- **Problem statement**: Could you output each line below exactly as it appears, excluding any pictures?

- **Stored items**:
■ ■ ■
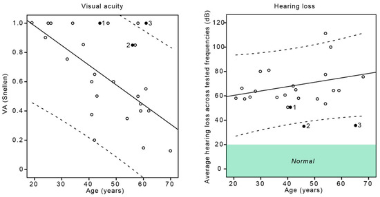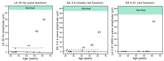 In comparison to the single ring patients, the Patient 3 from the double ring group had significantly delayed the onset of the visual symptoms (58 years) (One-Sample Wilcoxon Signed Rank Test; p < 0.001) whereas Patients 1 and 2 were comparable (onset at 18 and 22 years, respectively). All double ring patients had significantly better light-adapted cone responses and dark-adapted combined rod and cone system responses (Figure 2), with the Patient 3 having the largest amplitudes. The dark-adapted rod response was detectable only in Patient 3 (close to normal) and undetectable in all other patients. Multiple regression analysis showed significant effect of age (B = −0.1; p < 0.01) and FAF pattern (B = −0.42; p < 0.01) on the VA. When plotted against age, the VA of Patient 3 was above the 95% confidence interval of the single ring group and Patients 1 and 2 were on the upper limit (Figure 5). The double ring patients had significantly better hearing than single ring patients (median 36 vs. 64 dB; Mann–Whitney U test, p < 0.01), and when plotted against age, Patients 2 and 3 were outside the 95% confidence interval of the single ring group (Figure 5).
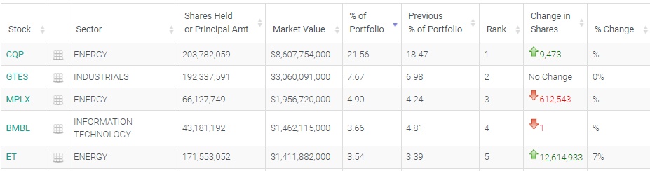Energy Transfer(ET.US)位列第五,持仓约1.71亿股,持仓市值约14.12亿美元,较上季度持仓数量增加了7%,占投资组合比例为3.54%。
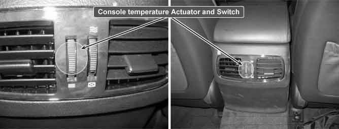Console temperature control switch is for controlling rear seat vent temperature. If the switch is controlled to warm position (Red Box direction), The vent air temperature is high. If switch is moved to Cool (Blue box direction), The vent air temperature is low.
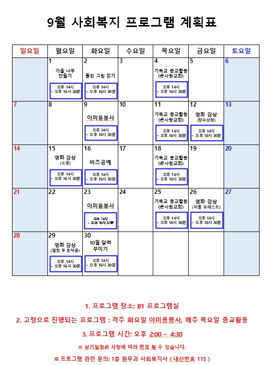 2025년 9월 프로그램 계획표 페이지 정보 작성자 최고관리자 작성일25-09-01 13:00 조회2,060회 댓글0건 관련링크 이전글 다음글 본문 2025년 9월 프로그램 계획표입니다. 감사합니다. 목록
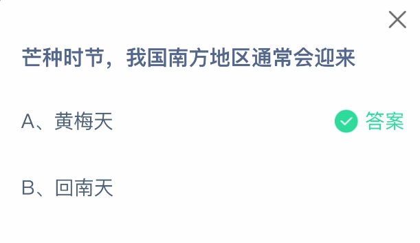 芒種時(shí)節(jié),我國(guó)南方地區(qū)通常會(huì)迎來(lái)什么?這是支付寶螞蟻莊園6月5日的小雞答題題目。支付寶小雞答題是深受大家喜愛(ài)的活動(dòng),通過(guò)獲取飼料就能喂養(yǎng)小雞,進(jìn)而領(lǐng)取更多雞蛋去幫助更多人。今日這道題的正確答案是【黃梅天】,也就是說(shuō),芒種時(shí)節(jié),我國(guó)南方地區(qū)通常會(huì)迎來(lái)黃梅天。
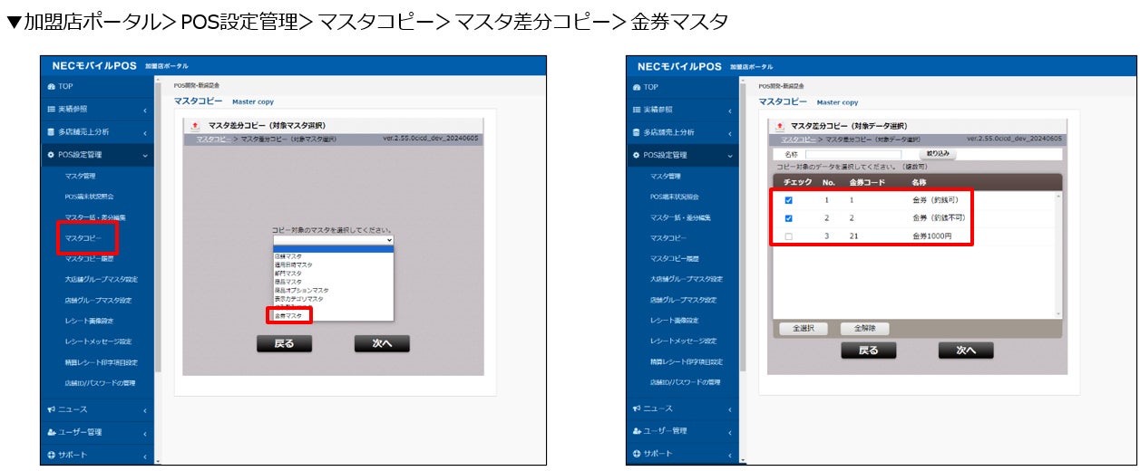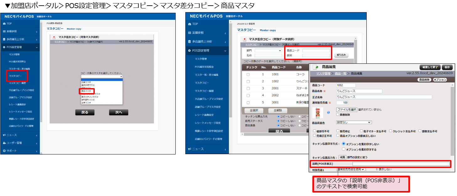 マスタ差分コピーで店舗マスタの特定項目を指定してコピーできるようになりました(全ての項目をコピーしたい場合は、全選択のボタンを押下の上、コピーすることが可能です)。また、商品マスタの差分コピー時に商品コードまたは商品説明でコピー対象を検索することが可能になりました。なお、金券コードに対して差分コピーがかかるため、上書きする際は注意が必要です。
■ ■ ■
- **Answer for this exercise**:
 In comparison to the single ring patients, the Patient 3 from the double ring group had significantly delayed the onset of the visual symptoms (58 years) (One-Sample Wilcoxon Signed Rank Test; p < 0.001) whereas Patients 1 and 2 were comparable (onset at 18 and 22 years, respectively). All double ring patients had significantly better light-adapted cone responses and dark-adapted combined rod and cone system responses (Figure 2), with the Patient 3 having the largest amplitudes. The dark-adapted rod response was detectable only in Patient 3 (close to normal) and undetectable in all other patients. Multiple regression analysis showed significant effect of age (B = −0.1; p < 0.01) and FAF pattern (B = −0.42; p < 0.01) on the VA. When plotted against age, the VA of Patient 3 was above the 95% confidence interval of the single ring group and Patients 1 and 2 were on the upper limit (Figure 5). The double ring patients had significantly better hearing than single ring patients (median 36 vs. 64 dB; Mann–Whitney U test, p < 0.01), and when plotted against age, Patients 2 and 3 were outside the 95% confidence interval of the single ring group (Figure 5).
Energy Transfer(ET.US)位列第五,持仓约1.71亿股,持仓市值约14.12亿美元,较上季度持仓数量增加了7%,占投资组合比例为3.54%。
Console temperature control switch is for controlling rear seat vent temperature. If the switch is controlled to warm position (Red Box direction), The vent air temperature is high. If switch is moved to Cool (Blue box direction), The vent air temperature is low.
 2025년 9월 프로그램 계획표 페이지 정보 작성자 최고관리자 작성일25-09-01 13:00 조회2,060회 댓글0건 관련링크 이전글 다음글 본문 2025년 9월 프로그램 계획표입니다. 감사합니다. 목록
 芒種時(shí)節(jié),我國(guó)南方地區(qū)通常會(huì)迎來(lái)什么?這是支付寶螞蟻莊園6月5日的小雞答題題目。支付寶小雞答題是深受大家喜愛(ài)的活動(dòng),通過(guò)獲取飼料就能喂養(yǎng)小雞,進(jìn)而領(lǐng)取更多雞蛋去幫助更多人。今日這道題的正確答案是【黃梅天】,也就是說(shuō),芒種時(shí)節(jié),我國(guó)南方地區(qū)通常會(huì)迎來(lái)黃梅天。
 マスタ差分コピーで店舗マスタの特定項目を指定してコピーできるようになりました(全ての項目をコピーしたい場合は、全選択のボタンを押下の上、コピーすることが可能です)。また、商品マスタの差分コピー時に商品コードまたは商品説明でコピー対象を検索することが可能になりました。なお、金券コードに対して差分コピーがかかるため、上書きする際は注意が必要です。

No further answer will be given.